(Extracted records)
======
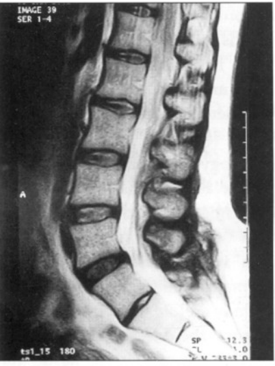
Figure 2: A postoperative T2-weighted axial image shows hyperintense mass with a hypointense rim in the left dorsolateral region of the spinal canal at L5-S1 level (a); and a postoperative T2-weighted sagittal image confirms total removal of the mass (b).
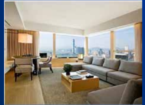
Upper Suite Harbour View

Last date to book CMF Special Discount Rates : May 6, 2025
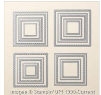
Layering Squares Framelits Dies
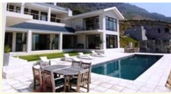
St Helena Bay - R 1,550,000
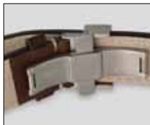
Step 7 Close clasp
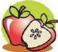
the apple of one's eye

I got a dent in my dad's car, so I'll .....before I tell him about it.
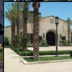
Enclave Recreation Center
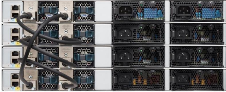
Figure 4. Cisco Catalyst 9200 Series Switch stacked units
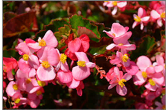
BabyWing Pink Begonia flowers
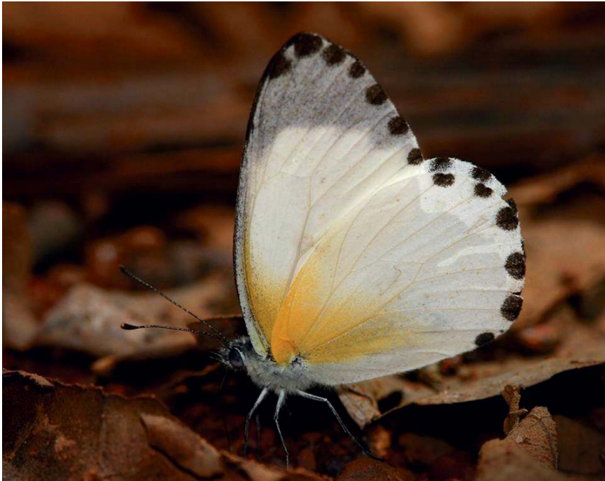
Atewa Dotted Border Mylothris atewa is restricted to Atewa Forest and classified as Vulnerable to extinction.

VU. The swallowtail and Caroline’s Sapphire Iolus carolinae are listed as Data Deficient, reflecting the challenge with assessing this group.
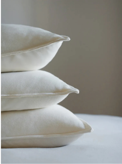
Latex Rubber Pillows.
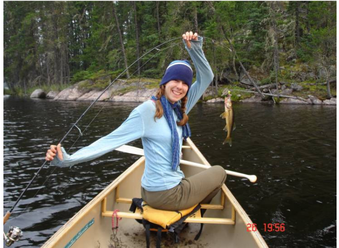
Catch-and-release in the little walleye hole
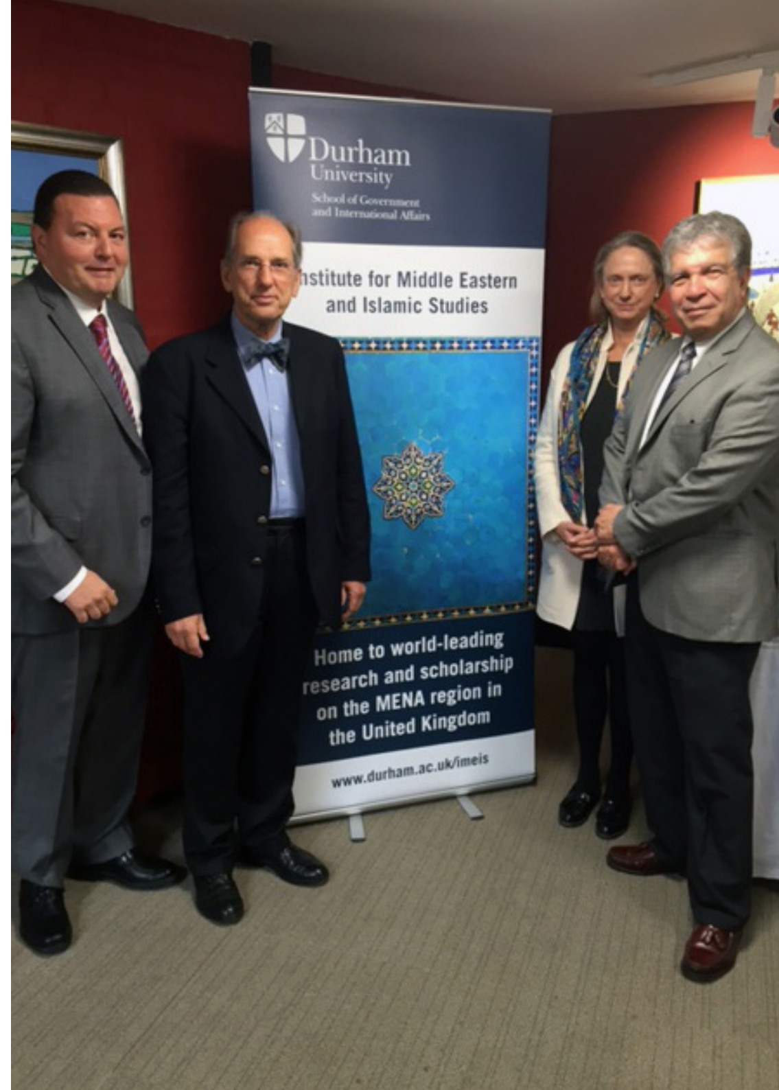
Right: Speakers at the IMEIS relaunch, Durham

To conclude, the lament about the International Relations/Political Science and Area Studies divide is rather an old, and even tired one. It needs to be superseded by an acknowledgement of the bridge-building that is currently on going and efforts to continue it by scholars around the world – this is an important part of what is today called ‘Global IR’. New trends in the Social Sciences which ignore local realities in the search for generalizable trends, reveal precisely how very important Area Studies is to provide the kind of empirical knowledge and analysis that is absent in much modern research. Without it we surely cannot pretend to better understand the politics of change in the Middle East or in the wider world.
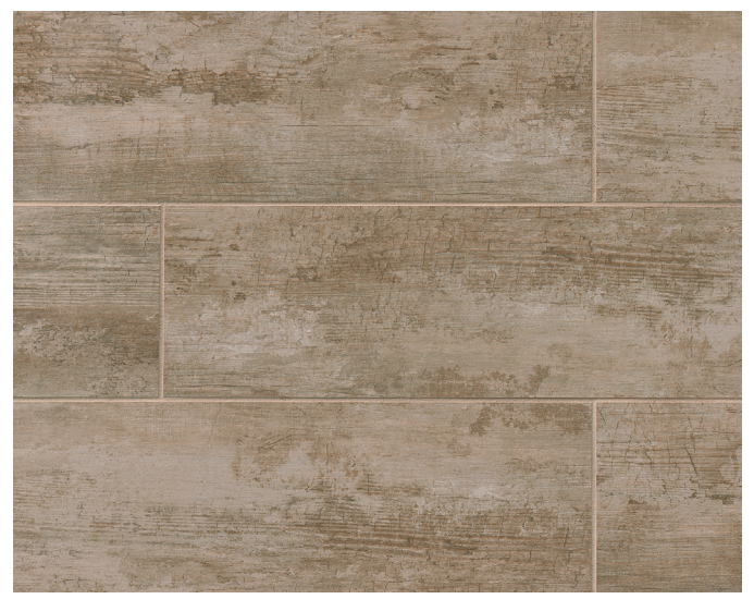
Camel - C TCRWV29C - 8"x36" Matte
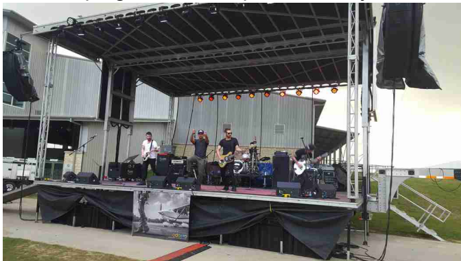
Different Bands played each evening
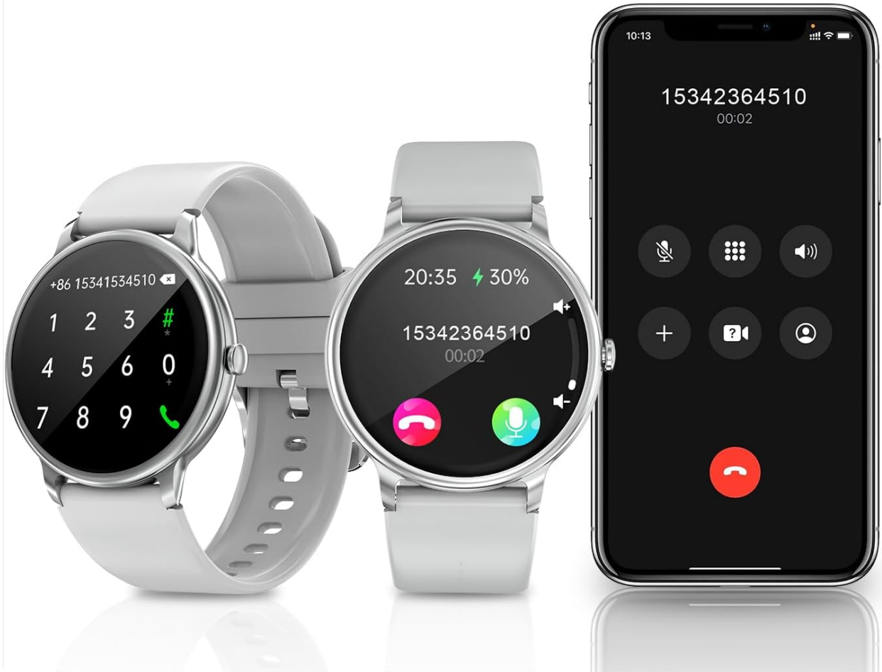
Figure 5.3: Smart reminder and notifications. This image shows the smartwatch displaying an incoming call and message icons, illustrating its ability to synchronize mobile phone information.
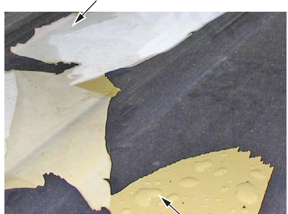
PAINT PEELED DOWN TO ED PRIMER

Wherever ED primer is exposed, you must sand down to base metal to get proper paint adhesion.
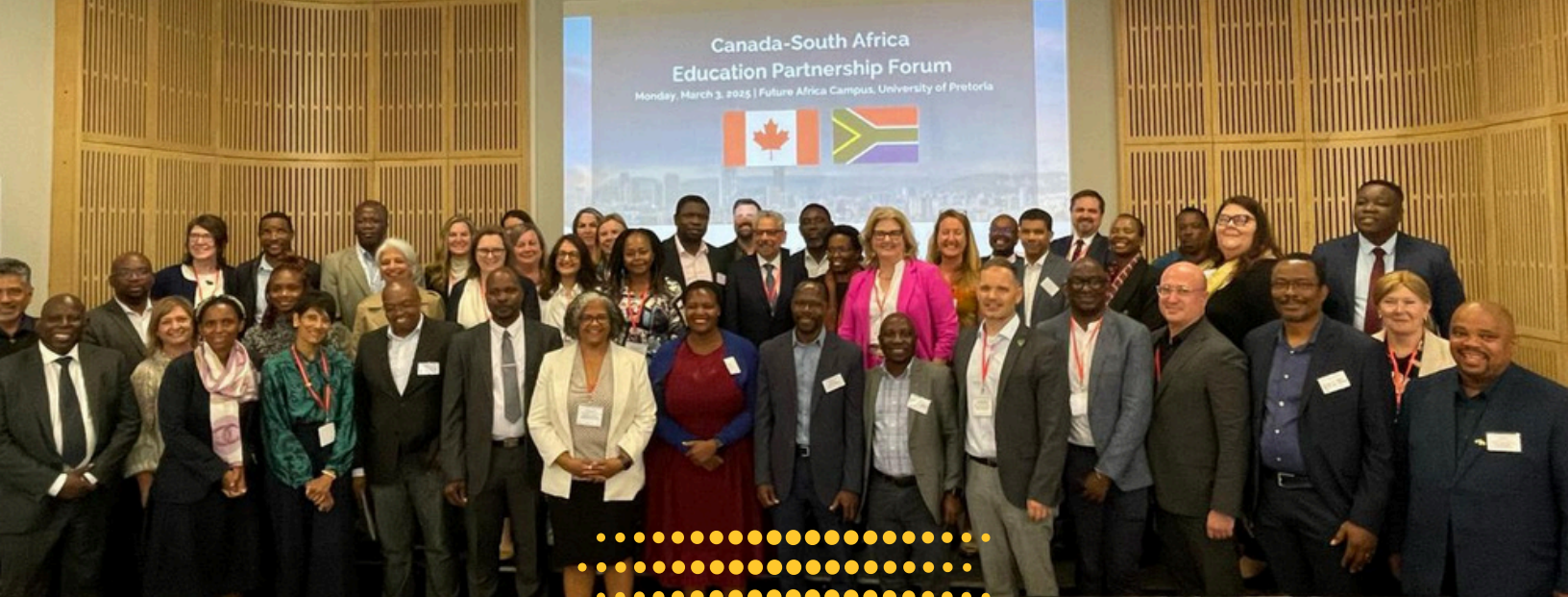
Participants at the Pretoria Forum
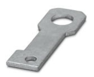
Plate for fixing the FLT-ISG-100-EX isolating spark gap to a flange, drill hole diameter of 22 mm.

Please be informed that the data shown in this PDF Document is generated from our Online Catalog. Please find the complete data in the user's documentation. Our General Terms of Use for Downloads are valid (http://phoenixcontact.com/download)
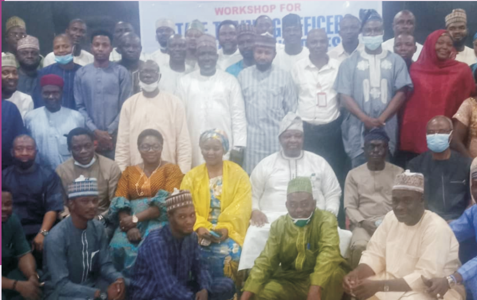
■ Participants at the workshop on training of State Trainers on BVAS

The Independent National Electoral Commission (INEC), in collaboration with the United Nations Development Programme (UNDP) organised a 4-day training of State Training Officers (STOs), The Electoral Institute (TEI) and selected Staff of the ICT on the use of Bimodal Voter Accreditation System (BVAS) for Voter Accreditation ahead of the November 6, Governorship election in Anambra State.
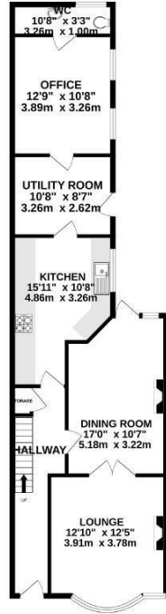
GROUND FLOOR 842 sq.ft. (78.2 sq.m.) approx.
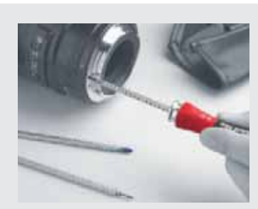
Convincing variety and quality. SYSTEM 4 – a real multi-tasker.

We offer SYSTEM 4 sets in compact roll-up pouches, rigid metal and easy access plastic boxes.
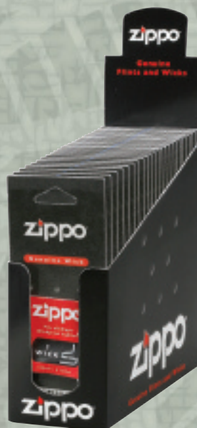
No. 2425 Wick Cards 24 cards per display box; 24 boxes per master carton

For optimum performance of every Zippo windproof lighter, we recommend genuine Zippo flints and wicks.
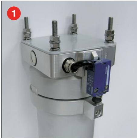
1 Mast top assembly with 4 x PG13,5 cable gland fitted to keyed mast sections
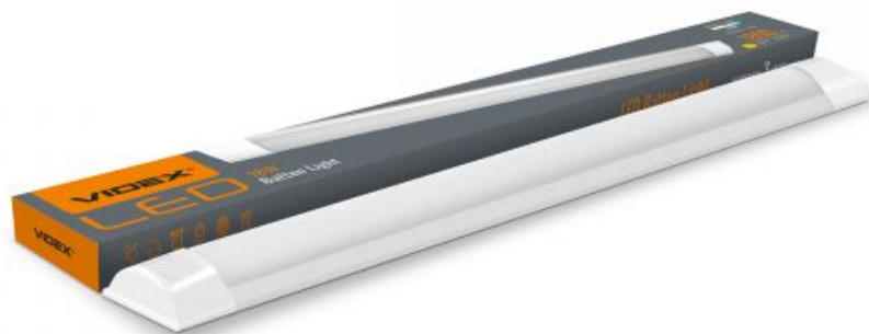
LED Batten Light
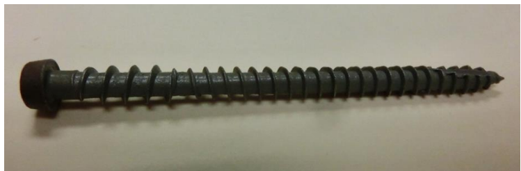
#10 2-3/4" Composite Deck Screw
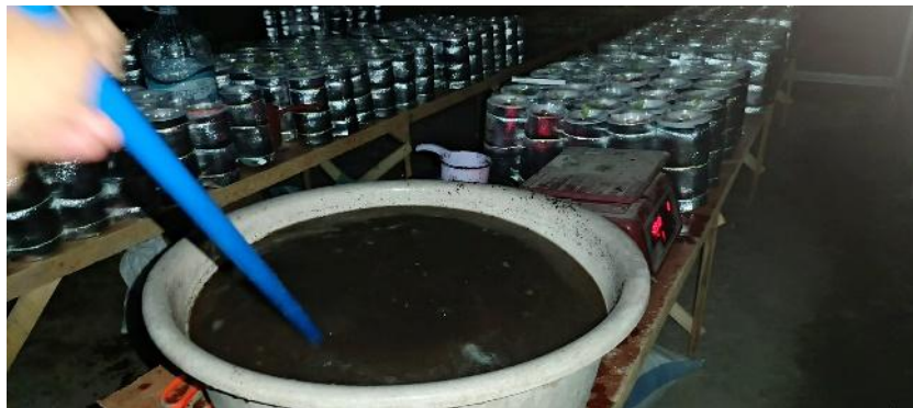
Figure 5. Preparation of combined organic nutrient solution

FPJ was prepared by fermenting chopped kangkong, camote tops, and kakawate leaves with molasses for seven days. FFJ was prepared by fermenting chopped papaya and banana with molasses for seven days. IMO was prepared by culturing microorganisms on cooked rice, mixing the colonized rice with molasses, and fermenting the mixture before extraction. Diluted vermicast was prepared by mixing vermicast with water at a 1:10 ratio. Commercial hydroponic solution was prepared according to the manufacturer's recommendation.
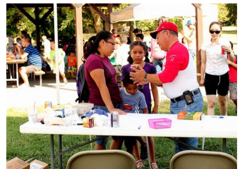
GCCBA team member sharing EvangeCube at Eagle Heights Block Party, sponsored by Brotherly Love International Church
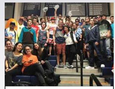
The Hawk Nest provided great support throughout the winter season. Proving once again that we have the best fans in Nassau County
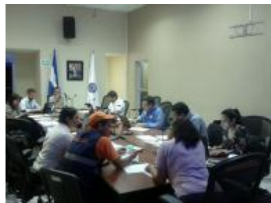
Simulation exercise in Honduras to test the effectiveness of regional mechanisms disaster assistance.
======
# Your task:
How many lines in the records hold the string "Participants"? Reply with the number alone.

# Task result:
2